* Task directions *
Your response to the data below should hold nothing except the lines from the one containing "Жата сукня-безрукавка зі" down to the one containing "64 % Polyester", reproduced exactly and without pictures.

* Records supplied *
§ §

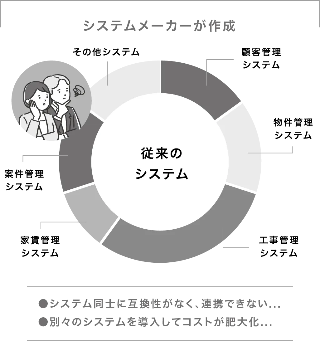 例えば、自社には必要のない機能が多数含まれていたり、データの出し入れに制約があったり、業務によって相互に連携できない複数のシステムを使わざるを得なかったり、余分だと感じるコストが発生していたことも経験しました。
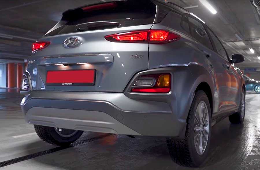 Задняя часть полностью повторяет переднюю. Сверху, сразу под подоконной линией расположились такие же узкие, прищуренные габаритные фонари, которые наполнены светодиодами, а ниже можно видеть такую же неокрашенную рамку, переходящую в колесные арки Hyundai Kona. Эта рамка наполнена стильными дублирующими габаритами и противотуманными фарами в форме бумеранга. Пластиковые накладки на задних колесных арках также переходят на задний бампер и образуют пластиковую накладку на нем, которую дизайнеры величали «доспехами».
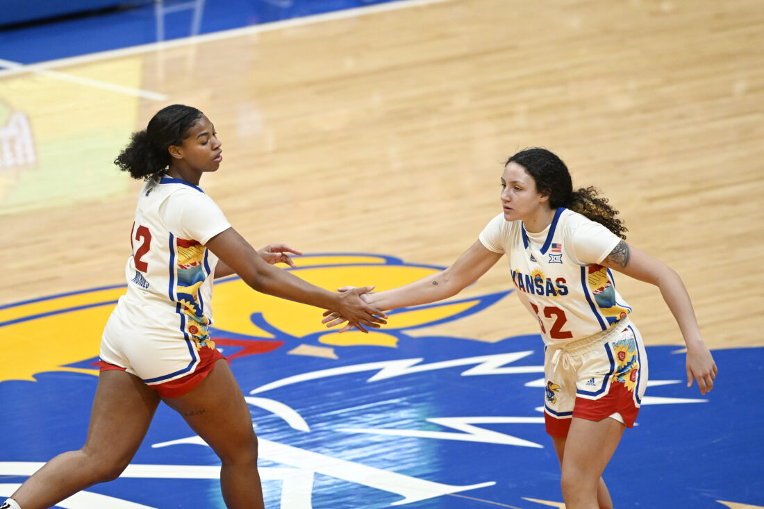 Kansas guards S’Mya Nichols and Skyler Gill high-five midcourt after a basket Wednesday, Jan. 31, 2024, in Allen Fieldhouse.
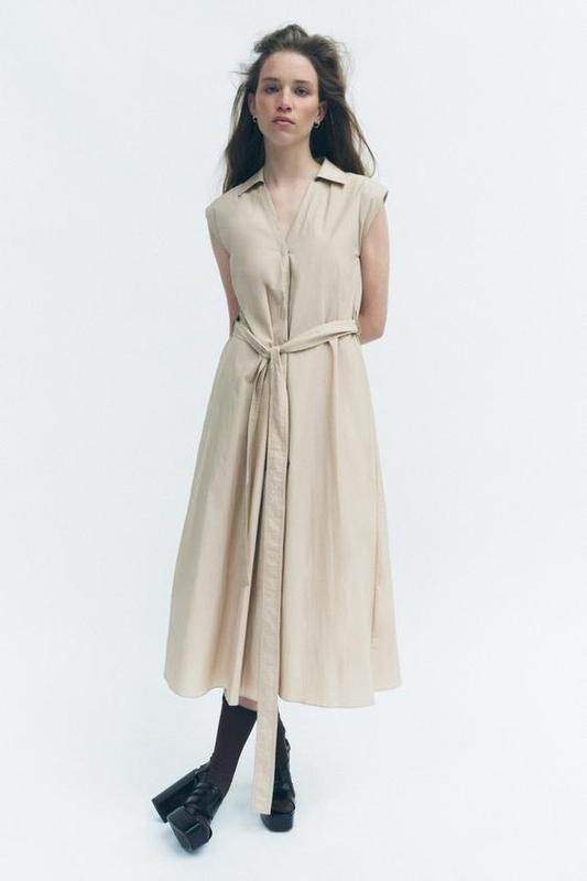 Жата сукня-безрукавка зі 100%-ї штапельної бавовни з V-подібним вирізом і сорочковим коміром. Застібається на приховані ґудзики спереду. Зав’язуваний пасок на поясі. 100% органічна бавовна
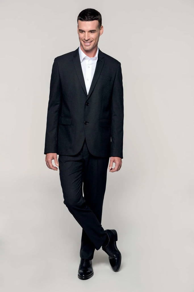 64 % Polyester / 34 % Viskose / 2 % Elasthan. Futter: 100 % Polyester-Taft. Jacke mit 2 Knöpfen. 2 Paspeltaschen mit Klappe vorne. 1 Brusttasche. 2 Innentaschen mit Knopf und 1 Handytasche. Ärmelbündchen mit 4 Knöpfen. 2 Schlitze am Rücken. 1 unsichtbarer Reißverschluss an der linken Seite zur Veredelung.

§ §

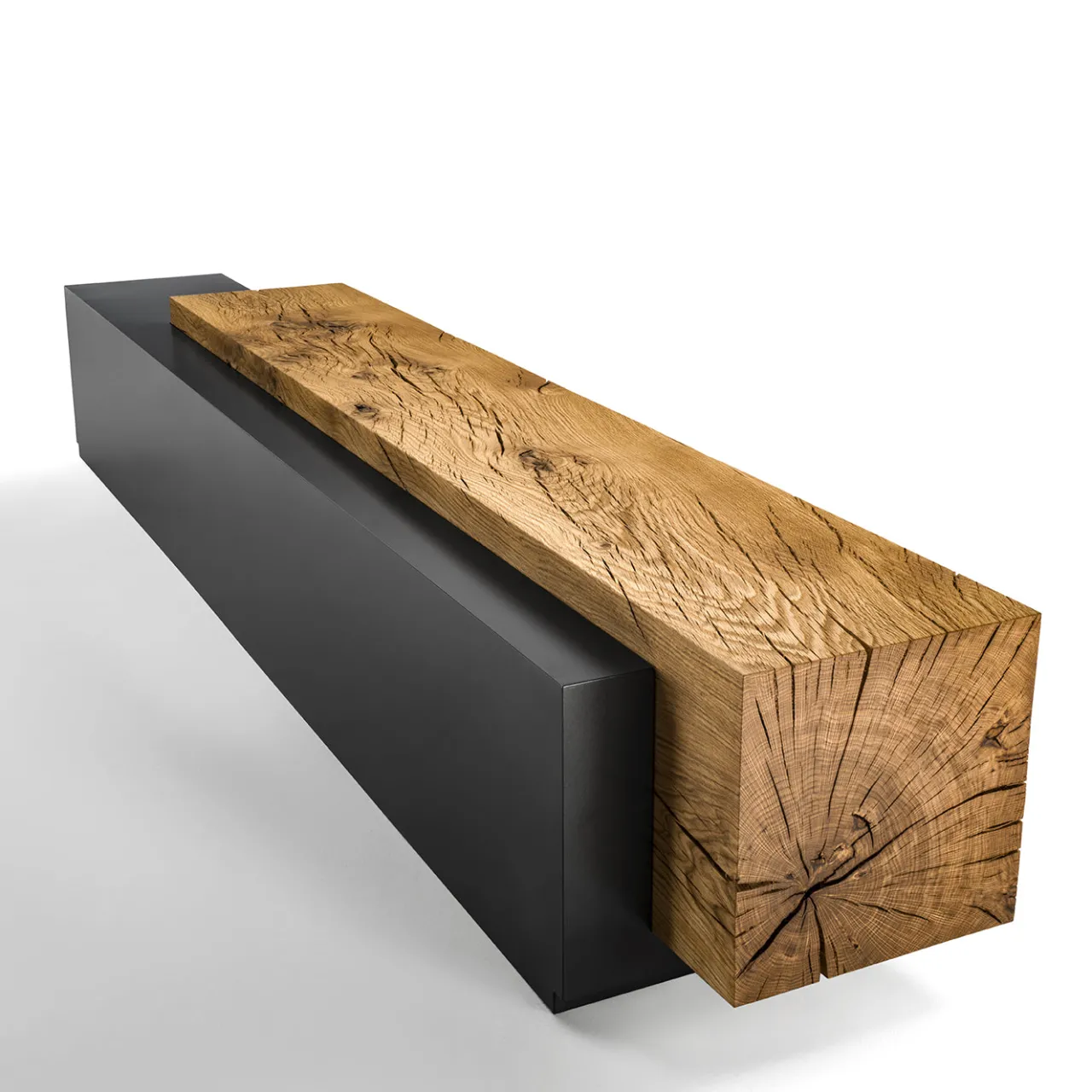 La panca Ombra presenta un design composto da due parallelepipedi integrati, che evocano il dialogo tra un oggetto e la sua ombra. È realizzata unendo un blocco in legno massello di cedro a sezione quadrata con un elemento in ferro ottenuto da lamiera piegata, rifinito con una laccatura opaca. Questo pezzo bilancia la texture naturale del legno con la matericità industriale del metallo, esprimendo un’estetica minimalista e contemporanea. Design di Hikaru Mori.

§ §

* Completed exercise *
 Жата сукня-безрукавка зі 100%-ї штапельної бавовни з V-подібним вирізом і сорочковим коміром. Застібається на приховані ґудзики спереду. Зав’язуваний пасок на поясі. 100% органічна бавовна
 64 % Polyester / 34 % Viskose / 2 % Elasthan. Futter: 100 % Polyester-Taft. Jacke mit 2 Knöpfen. 2 Paspeltaschen mit Klappe vorne. 1 Brusttasche. 2 Innentaschen mit Knopf und 1 Handytasche. Ärmelbündchen mit 4 Knöpfen. 2 Schlitze am Rücken. 1 unsichtbarer Reißverschluss an der linken Seite zur Veredelung.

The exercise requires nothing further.